DOS NIÑAS HERMANAS (4º y 1º DE ESO) SE HAN VISTO OBLIGADAS A DEJAR EL INSTITUTO HUYENDO DE LOS ACOSOS Y AGRESIONES DE OTRA ALUMNA.

LAS AMENAZAS Y AGRESIONES TRASCENDIERON AL EXTERIOR Y LA FAMILIA HA TENIDO QUE ABANDONAR SU BARRIO E IRSE A VIVIR FUERA DE LA CIUDAD.

LA DIRECCIÓN DEL INSTITUTO  (I.E.S. “ANTONIO MACHADO”) SE NIEGA A EMITIR UN INFORME QUE HA SOLICITADO LA FAMILIA SOBRE LOS INCIDENTES.

 

SEVILLA.- 22 de Noviembre 2.004.

La reciente denuncia de un caso de violencia escolar en Málaga, dado a conocer hace una semana por PRODENI, ha servido para que una familia sevillana nos informe de la terrible situación por la que todavía están pasando después de haber tenido que abandonar el barrio donde residían y haber tenido que trasladarse a una zona alejada fuera de la ciudad, por los contínuos acosos, amenazas y agresiones que una alumna y su grupo de amigos han protagonizado contra dos hermanas de 12 y 15 años de edad, tanto en Instituto como en el exterior. 

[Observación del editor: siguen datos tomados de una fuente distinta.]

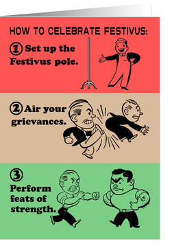 I’ve been creating Festivus cards on GCU for about four years now, and sales improve each year. I also see more Festivus card sellers on there, which is good for all of us—it means Festivus continues to move into the mainstream. Each year, I say to myself that I doubt I’ll be able to come up with any more card designs that I need to add, and every year I end up adding more cards as new ideas come. I guess the bottom line is that I get a kick out of helping people celebrate a relatively new holiday while I get to develop cards that feel fresh and fun at the same time. Partnering with GCU to accomplish this truly is a Festivus miracle!

Aunque los graves incidentes que han ocasionado la ruina de esta familia han sucedido ahora, hay antecedentes de cuando la mayor estaba en 1º de ESO, en la misma clase que la alumna acosadora (2.001 / 2.002). En aquella ocasión la menor agredida estuvo unos días sin querer ir al instituto, volviendo a reproducirse los acosos en el segundo trimestre en el centro educativo por medio de insultos, también en la propia calle y aún delante de la madre. A raíz de lo cual la Dirección las cambió de clase, desapareciendo el problema hasta este mismo curso cuando volvieron a coincidir.

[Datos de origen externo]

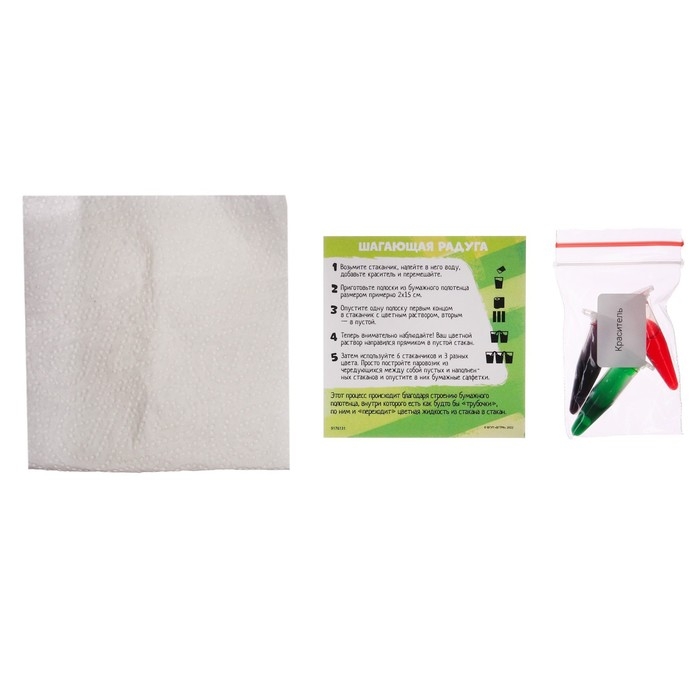 Вода — удивительная жидкость, и эксперимент «Шагающая вода» это докажет! Ребёнок узнает некоторые её свойства, увидит, как работает капиллярный эффект, и получит новые цвета путём смешивания основных.

Los acosos se han producido desde el primer día, tirándole bolas de papel en clase e insultándola. Y alcanzaron una dimensión superior el 24 de Septiembre en un recreo al ser  amenazada e insultada la hermana pequeña y recibir una paliza con golpes en cabeza y espalda la hermana mayor cuando quiso intervenir para que la dejara.

Dice la madre que el Jefe de Estudios  y el tutor la atendieron y propusieron acompañarla a su casa para evitar que la atacaran por la calle, pero al final se fueron solas las hermanas, y la otra aprovechó para ir a su lado insultándolas a gritos.

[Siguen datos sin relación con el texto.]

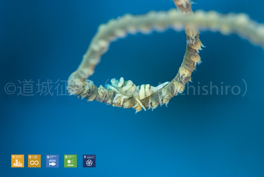 さてこのムチカラマツエビはムチカラマツという造礁サンゴと同じ六方サンゴ亜綱に属するれっきとした動物に共生する甲殻類です。ムチカラマツ自体潮通しの良いところに棲息しているので、それなりに揺れています。そこにミリ単位のエビが乗っているとピントが合わせにくいです。広い海の中、ごくごく小さな点を狙うダイビングも楽しいですよ。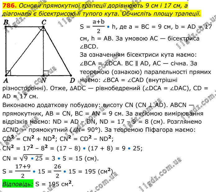 Основи прямокутної трапеції дорівнюють 9 см і 17 см, а діагональ є бісектрисою її тупого кута. Обчисліть площу трапеції. S = (a+b)/2 • h, де а = ВС = 9 см, b = AD = 17 см, h = АВ. За умовою АС — бісектриса ∠ВСD. За означенням бісектриси кута маємо: ∠ВСА = ∠DСА. ВС ∥ АD, АС — січна. За теоремою (ознакою) паралельності прямих маємо: ∠ВСА = ∠САD (внутрішні різноcторонні). Отже, ∆АDС — рівнобедрений (∠DСА = ∠DАС), СD = АD = 17 см. Виконаємо додаткову побудову: висоту СN (СN ⊥ АD). АВСN — прямокутник, АВ = СN, ВС = АN = 9 см. За аксіомою вимірювання відрізків маємо: ND = АD – DN, ND = 17 – 9 = 8 (см). Розглянемо ∆СND — прямокутний (∠N= 90°). За теоремою Піфагора маємо: СD2 = СN2 + ND2; СN2 = СD2 – ND2; CN2 = 172 – 82 = (17 – 8) • (17 + 8) = 9 • 25; СN = √(9 •25) = 3 • 5 = 15 (см). S = (17+9)/2 • 15 = 26/2 • 15 = 195 (см2) Відповідь: S = 195 см2.

La madre de las niñas habló con la otra madre, que no quiso colaborar (al parecer se trata de una familia problemática).

Al día siguiente acudió la madre al instituto y dice que el Subjefe de estudios no se quiso implicar, dando largas. La madre había ido a exigir una solución pero todo fueron evasivas.

Como solución le propusieron que ella misma acudiese al recreo y vigilase a sus hijas. Ese mismo día en el recreo otros dos alumnos de su clase por encargo de la agresora se acercaron a la mayor con acosos y amenazas.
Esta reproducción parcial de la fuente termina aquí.